This is another musical adaptation of a poem by Cicely Fox Smith, and would seem to be a sister poem to her "Port o' Dreams." It's a decidedly dark poem. Something bad went down and it's not clear what.

The full story behind this poem may be a short story that CFS wrote called "Oranges" published in TALES OF THE CLIPPER SHIPS, Cicely Fox Smith, pub. by Houghton Mifflin Co., NY, © 1926, pp. 91-106.

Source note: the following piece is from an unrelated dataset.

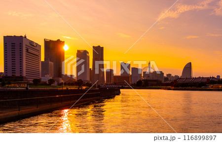 象の鼻防波堤方面から望む 横浜みなとみらいの夕日

To line up the chords copy and paste into WORD/TIMES/12.

SAILOR'S FAREWELL
(C. Fox Smith)

(From SHIPS AND FOLKS, edited by Cicely Fox Smith, pub. by Elkin Mathews, London,© 1920, p. 68
Adapted by Charles Ipcar 1/27/06
Tune after traditional "The Star of Logy Bay"/"Patriot Game"
Key: C (5/G))

G-------------------C-----G------D-------D7--G
How lovely is the white town, smiling as it lies,
-----------------D---------G------------C-----------------------D7
With its green growing gardens, be-neath the bright blue skies,
G--------D-----G---------C------------------D7
Days so full of sunshine, nights so full of glee, –
------G------------C----G----------D------D7------G
Oh, a fair place, a rare place, for sailors in from sea.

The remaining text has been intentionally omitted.